What a picture conjured up - the unscrupulous villain, doubtless Oriental, a smirking, cruel-eyed, criminal mastermind living in a custom-built Maldives paradise crammed with unlawfully Twoc'd snow tigers, ocelots, pumas and cockatiels, greeting his icily efficient hitman ("You have served me well, Igor") as he returns from another raid on the British zoo system, and as he disgorges, from his innocent-seeming briefcase, a small penguin ...
International bird-rustling! It all fell into place. In Rio and Cape Town, they kidnap the children of rich Europeans. In western Europe, we're far too sophisticated to be exercised by the fate of child kidnapees. But show us a foot-high, helpless-looking, bird in trouble, and we're all in floods and shrieks.
Then Terence Butler joined the race to find Toga. Those of us awake in the early 70s will know "Geezer" Butler as the bassist in Black Sabbath, the band that gave the world Ozzy Osbourne. He may now look like a bank manager for all I know, but I remember Geezer as a large hairy chap in a ferociously black droopy moustache, a trench boat and an iron crucifix, and with little time for the niceties of philosophy or ethics. So far he has merely pledged £5,000. But his arrival on the scene pitches this curious saga on to a wholly new level of idiocy. I can practically hear a transcontinental horde of middle-aged Sabbath fans spurred into action by a word from Geezer, and setting off to locate the baby penguin. If I were the deranged criminal mastermind-collector, I'd be quaking in my boots by now.
What an accident-prone bunch we've become. According to new Hospital Episode Statistics for 2004-2005 (compiled by the Health and Social Care Information Centre) the number of people admitted to A&E departments has gone up by 20 per cent in the last five years.
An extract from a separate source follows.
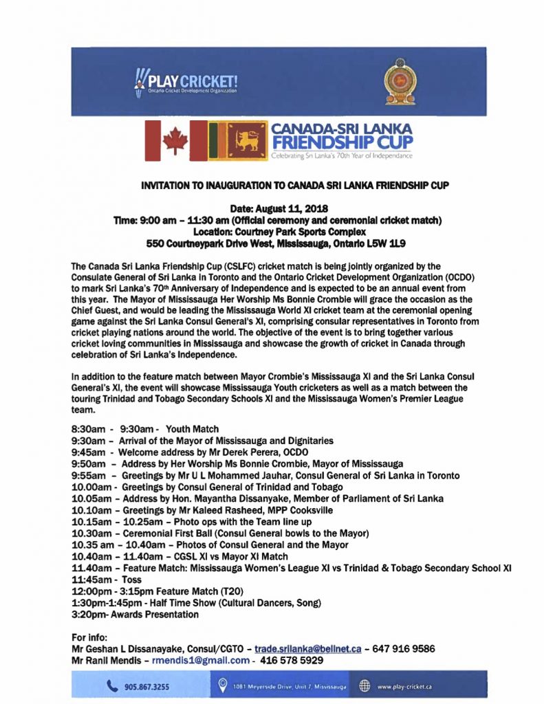 Canada-Sri Lanka Friendship Cup News Next post Previous post By Canada Cricket Online / August 11th, 2018 / Comments Today, August 11. Details in the image (Visited 1 times, 1 visits today)

What kind of accidents? The most ludicrous kind. Encounters with "non-power hand tools" - ie banging your thumb with a hammer, planing slices off your arm, and removing the tip of your index finger while screwing the lock back on the bathroom door. We're brilliant at accidents from "contact with power tools" and an absolute whizz at contact with irritable life forms - insect bites and hornet stings have doubled in the last year. Accidents resulting from the ill-advised use of high-pressure water jets are popular, as are falling over on the ice, in trendy ice rinks.
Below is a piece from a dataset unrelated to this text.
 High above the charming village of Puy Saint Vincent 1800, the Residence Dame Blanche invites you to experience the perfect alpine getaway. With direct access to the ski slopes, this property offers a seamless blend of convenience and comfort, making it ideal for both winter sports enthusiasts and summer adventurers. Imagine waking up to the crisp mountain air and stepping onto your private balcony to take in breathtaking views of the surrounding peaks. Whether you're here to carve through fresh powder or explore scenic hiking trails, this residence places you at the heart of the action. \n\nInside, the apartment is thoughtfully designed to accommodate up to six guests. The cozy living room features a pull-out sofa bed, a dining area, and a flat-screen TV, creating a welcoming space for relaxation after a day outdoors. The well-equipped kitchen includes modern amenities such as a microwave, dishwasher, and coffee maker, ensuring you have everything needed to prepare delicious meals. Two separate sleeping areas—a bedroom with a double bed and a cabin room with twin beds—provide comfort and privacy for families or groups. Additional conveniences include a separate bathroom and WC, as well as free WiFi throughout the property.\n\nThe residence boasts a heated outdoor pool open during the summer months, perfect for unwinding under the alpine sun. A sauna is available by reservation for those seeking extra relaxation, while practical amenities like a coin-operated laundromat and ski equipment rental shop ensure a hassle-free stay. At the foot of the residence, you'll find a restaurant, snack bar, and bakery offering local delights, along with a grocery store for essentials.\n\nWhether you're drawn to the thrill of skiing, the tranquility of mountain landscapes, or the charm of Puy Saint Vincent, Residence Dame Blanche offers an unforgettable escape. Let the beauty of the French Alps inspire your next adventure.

I'd be tempted to laugh at the people (900,000 of them) so afflicted with bad luck, had I not recently joined their ranks. Who'd have thought Christmas could be so dangerous? I don't mean for fat men falling down chimneys, or drunken smokers setting fire to their nightshirts while nodding off in bed (at least I assume that's what they mean by "ignition of nightwear"). I'm talking about the Christmas-pudding moment.
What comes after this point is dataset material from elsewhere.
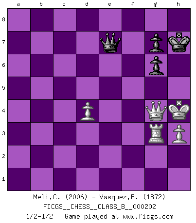 Last move : 1/2-1/2 2014 June 21 15:15:27 [Event "FICGS__CHESS__CLASS_B__000202"] [Site "FICGS"] [Date "2014.01.04"] [Round "1"] [White "Meli,Cosimo Leonardo"] [Black "Vasquez,Fernando"] [Result "1/2-1/2"] [WhiteElo "2006"] [BlackElo "1872"] 1.e4 e5 2.Nf3 Nf6 3.d4 Nxe4 4.Bd3 d5 5.Nxe5 Bd6 6.c4 O-O 7.cxd5 Bb4+ 8.Nd2 Qxd5 9.O-O Bxd2 10.Bxd2 Nxd2 11.Qxd2 Nc6 12.Nxc6 Qxc6 13.Qf4 Qb6 14.Rac1 c6 15.Rc5 Be6 16.Rh5 f5 17.Re1 Bf7 18.Rxf5 Qb4 19.Rfe5 Bxa2 20.Qg4 Qd2 21.Qg3 Bf7 22.h3 Qxb2 23.R5e4 Qd2 24.R1e3 Rae8 25.Rg4 Bg6 26.Bxg6 hxg6 27.Rxe8 Qd1+ 28.Kh2 Rxe8 29.Qa3 Qc2 30.Qxa7 Qxf2 31.Qxb7 Re1 32.Qxc6 Qg1+ 33.Kg3 Re3+ 34.Kh4 Qe1+ 35.Kg5 Rxh3 36.Qc8+ Kh7 37.gxh3 Qe5+ 38.Kh4 Qe1+ 39.Rg3 Qe4+ 40.Qg4 Qe7+ 41.Qg5 Qe4+ 42.Qg4 Qe7+ 43.Qg5 Qe4+ 44.Qg4 Qe7+ 1/2-1/2 Petrov : Modern attack, Symmetrical variation Kingside Castling by player Black (move 6) Kingside Castling by player White (move 9) 10 pieces endgame at move 35 : White KQRPP , Black KQRPP WHITE : King + 1 Queen 1 Rook 2 Pawns BLACK : King + 1 Queen 1 Rook 2 Pawns 9 pieces endgame at move 37 : White KQRPP , Black KQPP WHITE : King + 1 Queen 1 Rook 2 Pawns BLACK : King + 1 Queen 2 Pawns This chess game ended in a draw. Follow this game move after move (download)As one by one I mowed them down, my superiority soon became apparent. (Jose Capablanca) Ein Buch ist ein Spiegel; wenn ein Affe hineinsieht, so kann kein Apostel heraus gucken. (Georg Christoph Lichtenberg) Después de la respuesta de las negras a 1.e4 con 1..e5, se quedan siempre tratando de entrar dentro del juego. (Howard Staunton) Vous savez, camarade Pachman, je n'éprouve pas de plaisir à être ministre, je jouerais plutôt aux échecs comme vous, ou alors ferais une révolution au Venezuela. (Che Guevara à Ludek Pachman, 'Checkmate in Prague', 1975) The difference between perseverance and obstinacy is that one comes from a strong will, and the other from a strong won't. (Henry Ward Beecher)

It is the climax of the meal. The pudding is in the kitchen. The lady of the house is warming brandy beside it. You look for a suitable serving plate, but they're all in the dishwasher. Instead you choose a flat tin tray, on which you place the pudding. Outside the door of the dining-room, your partner pours brandy over pudding, and applies a match - and you try to carry a tray of flaming blue alcohol for 10 yards as the incendiary liquid slops all over your hands to kindly cries of "Don't drop the pudding!". I'm not sure if it's third-degree burns or blistered pride, but my hands still hurt like hell. She's a tough mistress, the season of goodwill.